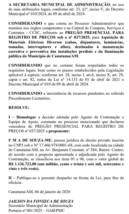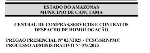 O Pregão Presencial n° 037/2025 foi publicado no Diário Oficial dos Municípios (DOM) e assinado pelo secretário municipal de administração, Jailson da Fonseca de Souza nesta terça-feira (6). Segundo informações do documento oficial, ao todo a Prefeitura de Canutama está adquirindo 96 itens.
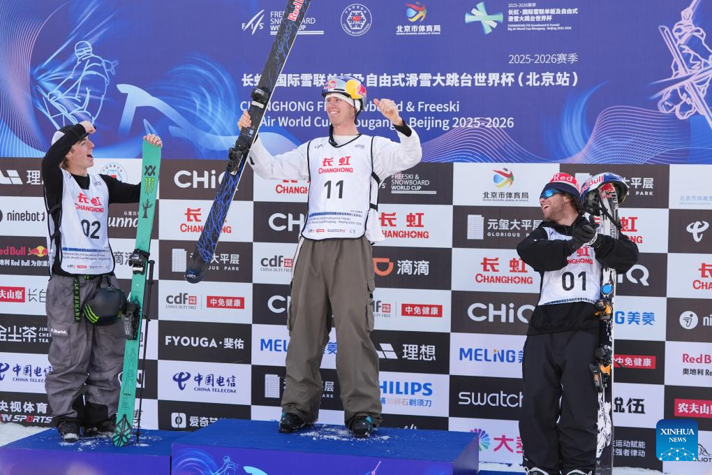 Gold medalist Ulrik Samnoey (C) of Norway, silver medalist Luca Harrington (L) of New Zealand and bronze medalist Matej Svancer of Austria celebrate during the awarding ceremony after the men's big air final at the FIS Freeski World Cup in Beijing, China, Dec. 6, 2025. (Xinhua/Ju Huanzong)
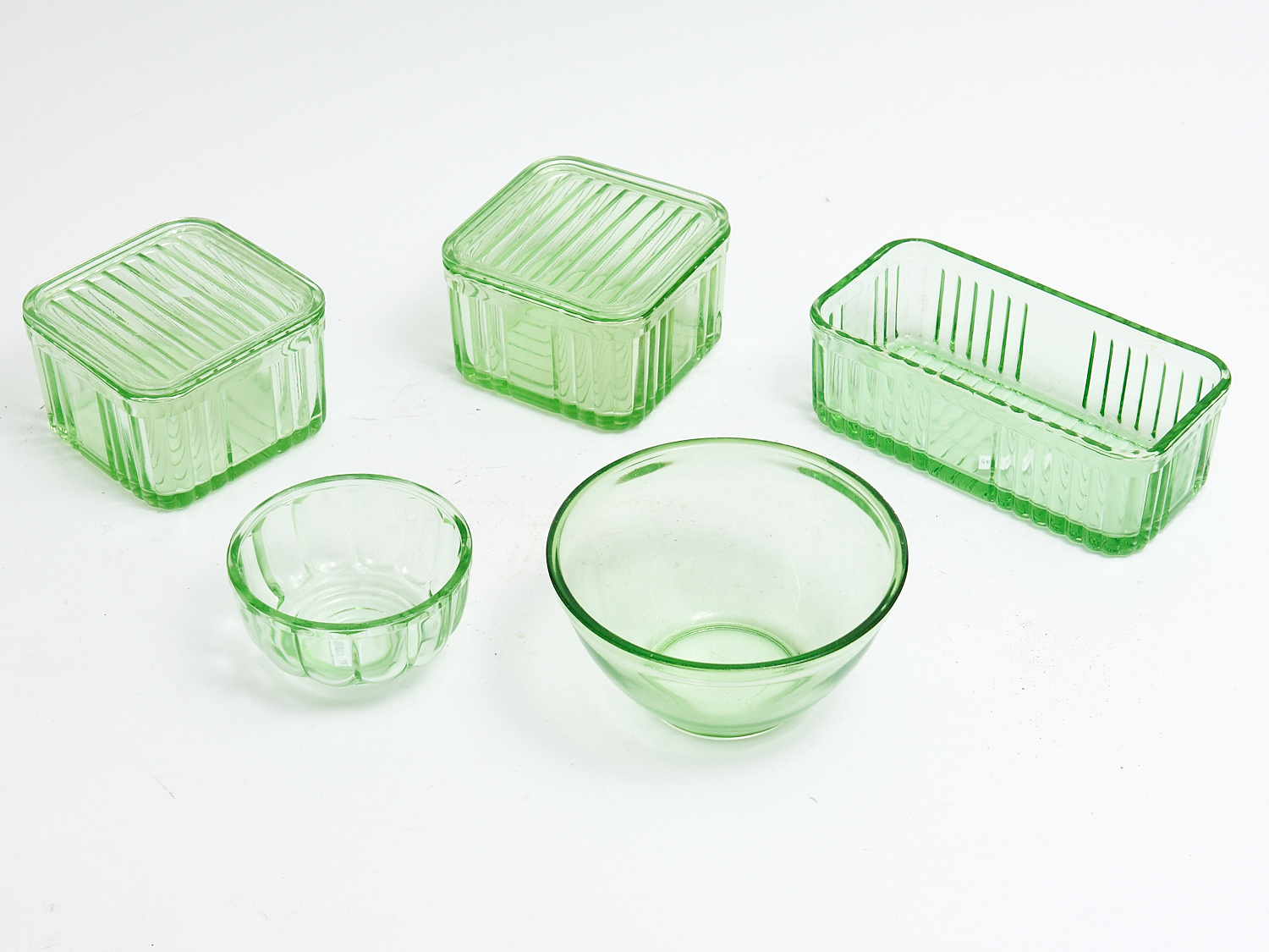 A COLLECTION OF FIVE VINTAGE GREEN DEPRESSION GLASS LIDDED CONTAINERS AND BOWLS, LEONARD JOEL LOCAL DELIVERY: MEDIUM
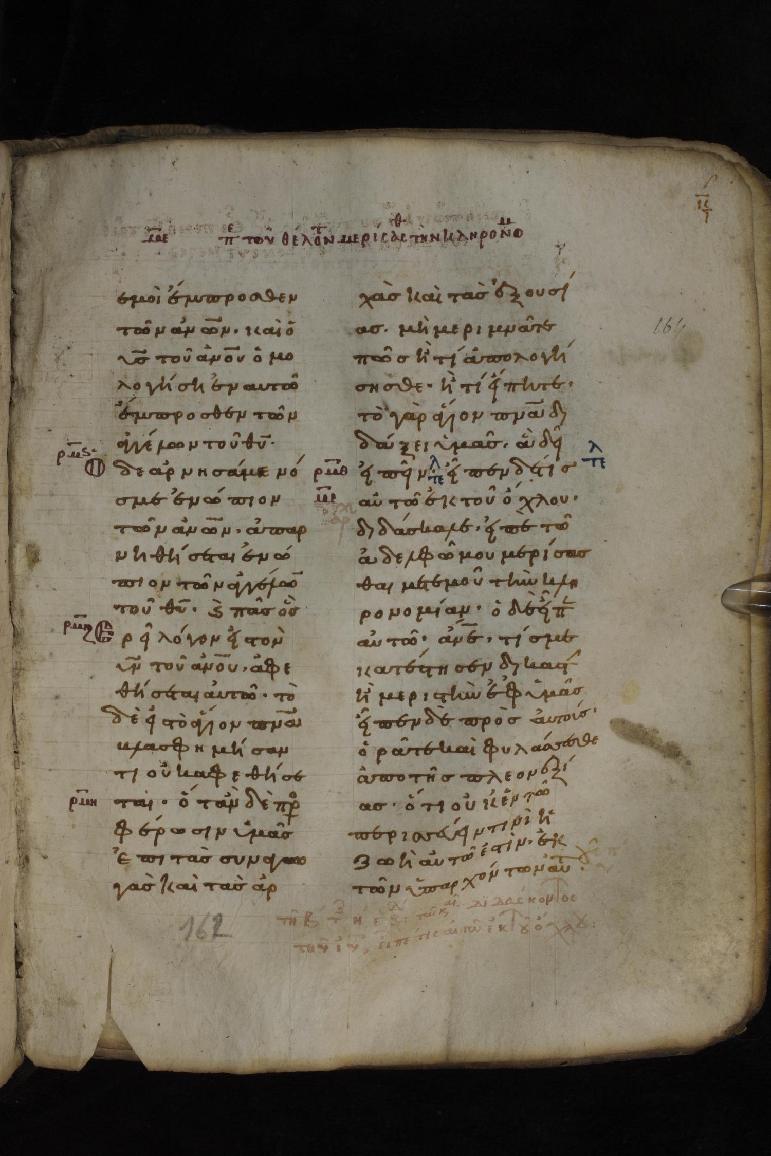 Eleventh century minuscule of the Gospels on parchment; 266 leaves, 2 column, 22 lines per column. Images were taken at the National Library of Greece in Athens.
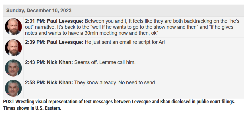 The messages show Levesque’s concern pertaining to friction with his father-in-law Vince McMahon. Levesque took over the role of head of creative the year prior, in addition to seeking support from Nick Khan, whom he reports to.

WHAT YOU HAVE TO DO: No picture belongs in the answer; the rest of the records must be repeated exactly.

YOUR RESPONSE:
 O Pregão Presencial n° 037/2025 foi publicado no Diário Oficial dos Municípios (DOM) e assinado pelo secretário municipal de administração, Jailson da Fonseca de Souza nesta terça-feira (6). Segundo informações do documento oficial, ao todo a Prefeitura de Canutama está adquirindo 96 itens.
 Gold medalist Ulrik Samnoey (C) of Norway, silver medalist Luca Harrington (L) of New Zealand and bronze medalist Matej Svancer of Austria celebrate during the awarding ceremony after the men's big air final at the FIS Freeski World Cup in Beijing, China, Dec. 6, 2025. (Xinhua/Ju Huanzong)
 A COLLECTION OF FIVE VINTAGE GREEN DEPRESSION GLASS LIDDED CONTAINERS AND BOWLS, LEONARD JOEL LOCAL DELIVERY: MEDIUM
 Eleventh century minuscule of the Gospels on parchment; 266 leaves, 2 column, 22 lines per column. Images were taken at the National Library of Greece in Athens.
 The messages show Levesque’s concern pertaining to friction with his father-in-law Vince McMahon. Levesque took over the role of head of creative the year prior, in addition to seeking support from Nick Khan, whom he reports to.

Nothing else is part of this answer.